(Source records)
--------------------------------------------------
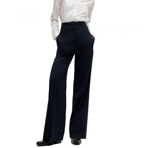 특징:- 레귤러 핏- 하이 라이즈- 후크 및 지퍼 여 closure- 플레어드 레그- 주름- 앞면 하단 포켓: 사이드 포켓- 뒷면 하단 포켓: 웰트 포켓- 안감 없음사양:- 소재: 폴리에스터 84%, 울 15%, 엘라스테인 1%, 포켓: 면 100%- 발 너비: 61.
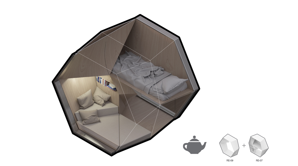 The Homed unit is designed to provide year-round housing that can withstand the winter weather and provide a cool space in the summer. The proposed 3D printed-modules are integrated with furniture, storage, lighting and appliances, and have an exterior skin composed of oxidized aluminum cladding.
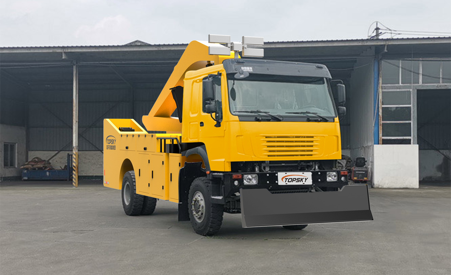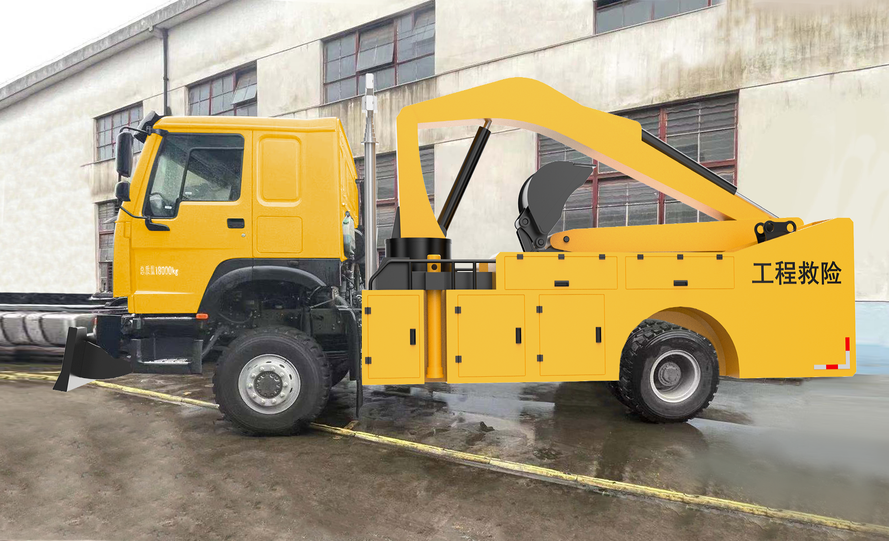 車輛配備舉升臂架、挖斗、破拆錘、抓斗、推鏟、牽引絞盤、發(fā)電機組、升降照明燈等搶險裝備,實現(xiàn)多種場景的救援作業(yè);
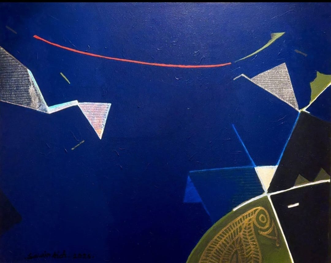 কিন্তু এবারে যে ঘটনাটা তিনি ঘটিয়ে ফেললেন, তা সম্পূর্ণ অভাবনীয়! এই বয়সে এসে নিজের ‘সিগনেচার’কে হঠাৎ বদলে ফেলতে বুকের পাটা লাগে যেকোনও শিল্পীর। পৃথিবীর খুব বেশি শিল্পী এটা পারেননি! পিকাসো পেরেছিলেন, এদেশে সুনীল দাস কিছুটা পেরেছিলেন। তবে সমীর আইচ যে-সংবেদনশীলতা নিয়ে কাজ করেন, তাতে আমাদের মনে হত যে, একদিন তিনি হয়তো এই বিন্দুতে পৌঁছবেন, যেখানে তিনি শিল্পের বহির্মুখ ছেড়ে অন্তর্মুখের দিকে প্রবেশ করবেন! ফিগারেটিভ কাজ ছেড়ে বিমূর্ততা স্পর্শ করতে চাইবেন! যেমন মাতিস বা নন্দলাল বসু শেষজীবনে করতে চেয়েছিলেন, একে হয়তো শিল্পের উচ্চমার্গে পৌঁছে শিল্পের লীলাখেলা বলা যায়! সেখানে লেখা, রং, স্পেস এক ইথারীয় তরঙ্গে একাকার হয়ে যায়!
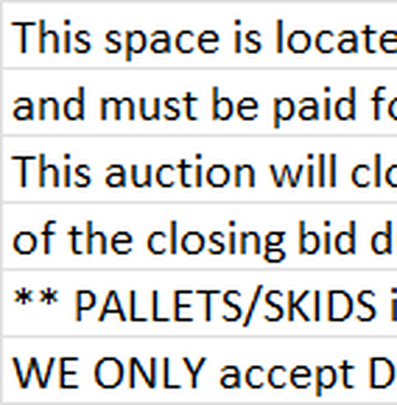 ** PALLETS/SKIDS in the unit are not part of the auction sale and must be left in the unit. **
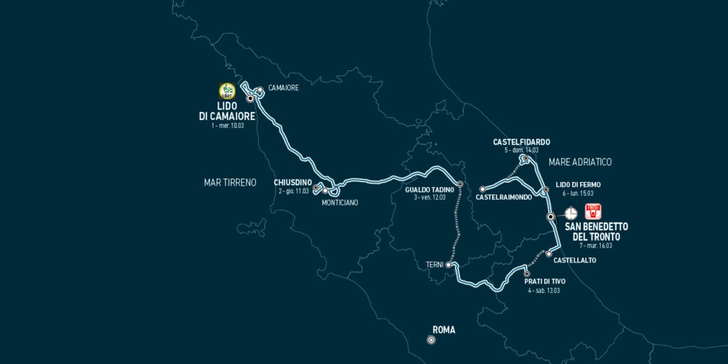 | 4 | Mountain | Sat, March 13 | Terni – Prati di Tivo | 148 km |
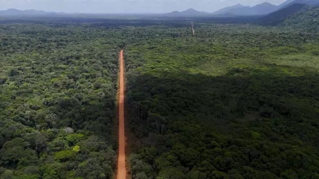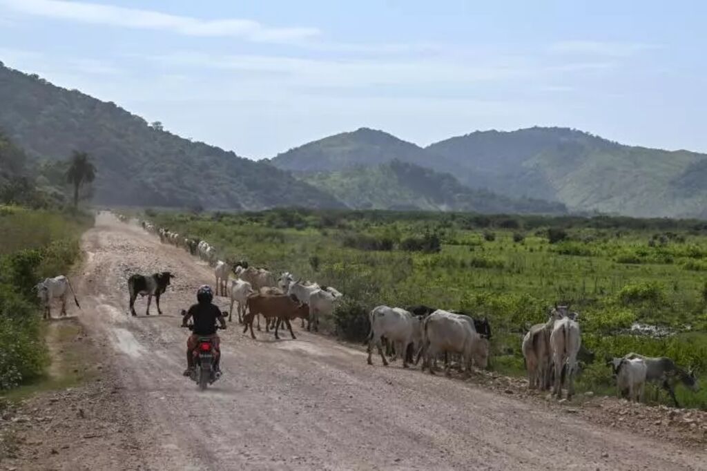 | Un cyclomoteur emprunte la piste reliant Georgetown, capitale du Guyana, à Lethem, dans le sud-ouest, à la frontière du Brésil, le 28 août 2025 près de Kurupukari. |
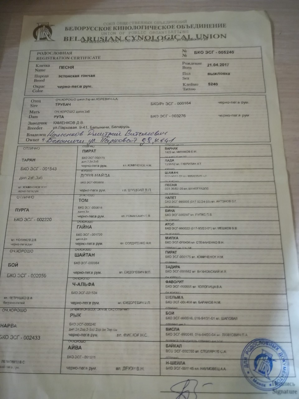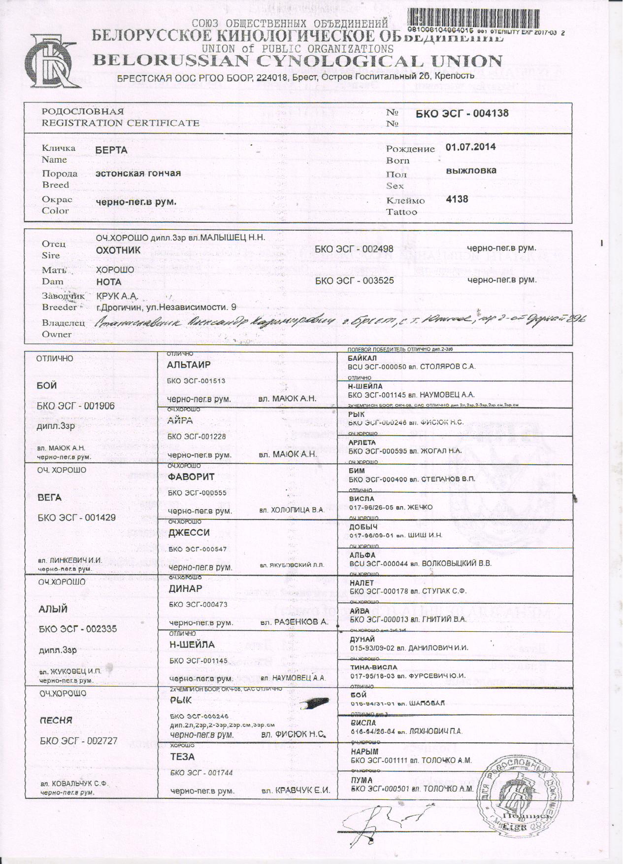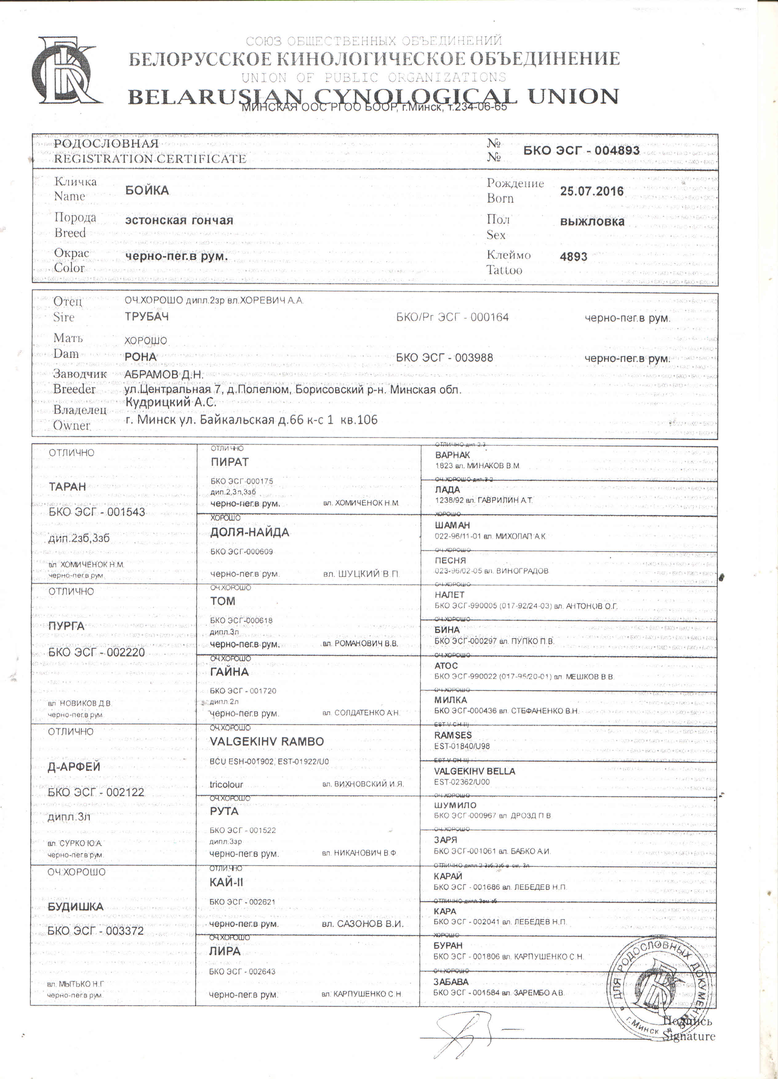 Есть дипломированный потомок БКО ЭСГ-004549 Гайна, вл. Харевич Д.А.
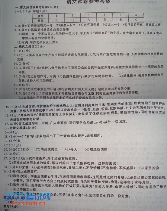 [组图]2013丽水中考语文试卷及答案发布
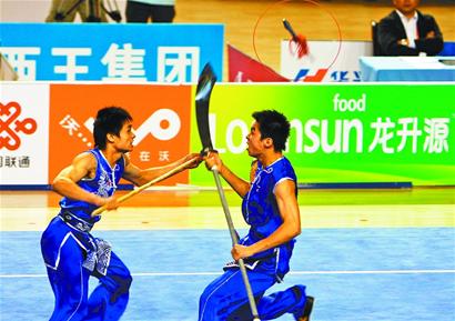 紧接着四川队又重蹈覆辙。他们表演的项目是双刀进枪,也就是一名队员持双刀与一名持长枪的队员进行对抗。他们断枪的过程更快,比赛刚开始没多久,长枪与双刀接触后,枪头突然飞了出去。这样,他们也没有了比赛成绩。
--------------------------------------------------
WORK REQUIRED: Repeat the data above exactly; images are not part of the copy.

COMPLETED TASK:
 특징:- 레귤러 핏- 하이 라이즈- 후크 및 지퍼 여 closure- 플레어드 레그- 주름- 앞면 하단 포켓: 사이드 포켓- 뒷면 하단 포켓: 웰트 포켓- 안감 없음사양:- 소재: 폴리에스터 84%, 울 15%, 엘라스테인 1%, 포켓: 면 100%- 발 너비: 61.
 The Homed unit is designed to provide year-round housing that can withstand the winter weather and provide a cool space in the summer. The proposed 3D printed-modules are integrated with furniture, storage, lighting and appliances, and have an exterior skin composed of oxidized aluminum cladding.
 車輛配備舉升臂架、挖斗、破拆錘、抓斗、推鏟、牽引絞盤、發(fā)電機組、升降照明燈等搶險裝備,實現(xiàn)多種場景的救援作業(yè);
 কিন্তু এবারে যে ঘটনাটা তিনি ঘটিয়ে ফেললেন, তা সম্পূর্ণ অভাবনীয়! এই বয়সে এসে নিজের ‘সিগনেচার’কে হঠাৎ বদলে ফেলতে বুকের পাটা লাগে যেকোনও শিল্পীর। পৃথিবীর খুব বেশি শিল্পী এটা পারেননি! পিকাসো পেরেছিলেন, এদেশে সুনীল দাস কিছুটা পেরেছিলেন। তবে সমীর আইচ যে-সংবেদনশীলতা নিয়ে কাজ করেন, তাতে আমাদের মনে হত যে, একদিন তিনি হয়তো এই বিন্দুতে পৌঁছবেন, যেখানে তিনি শিল্পের বহির্মুখ ছেড়ে অন্তর্মুখের দিকে প্রবেশ করবেন! ফিগারেটিভ কাজ ছেড়ে বিমূর্ততা স্পর্শ করতে চাইবেন! যেমন মাতিস বা নন্দলাল বসু শেষজীবনে করতে চেয়েছিলেন, একে হয়তো শিল্পের উচ্চমার্গে পৌঁছে শিল্পের লীলাখেলা বলা যায়! সেখানে লেখা, রং, স্পেস এক ইথারীয় তরঙ্গে একাকার হয়ে যায়!
 ** PALLETS/SKIDS in the unit are not part of the auction sale and must be left in the unit. **
 | 4 | Mountain | Sat, March 13 | Terni – Prati di Tivo | 148 km |
 | Un cyclomoteur emprunte la piste reliant Georgetown, capitale du Guyana, à Lethem, dans le sud-ouest, à la frontière du Brésil, le 28 août 2025 près de Kurupukari. |
 Есть дипломированный потомок БКО ЭСГ-004549 Гайна, вл. Харевич Д.А.
 [组图]2013丽水中考语文试卷及答案发布
 紧接着四川队又重蹈覆辙。他们表演的项目是双刀进枪,也就是一名队员持双刀与一名持长枪的队员进行对抗。他们断枪的过程更快,比赛刚开始没多久,长枪与双刀接触后,枪头突然飞了出去。这样,他们也没有了比赛成绩。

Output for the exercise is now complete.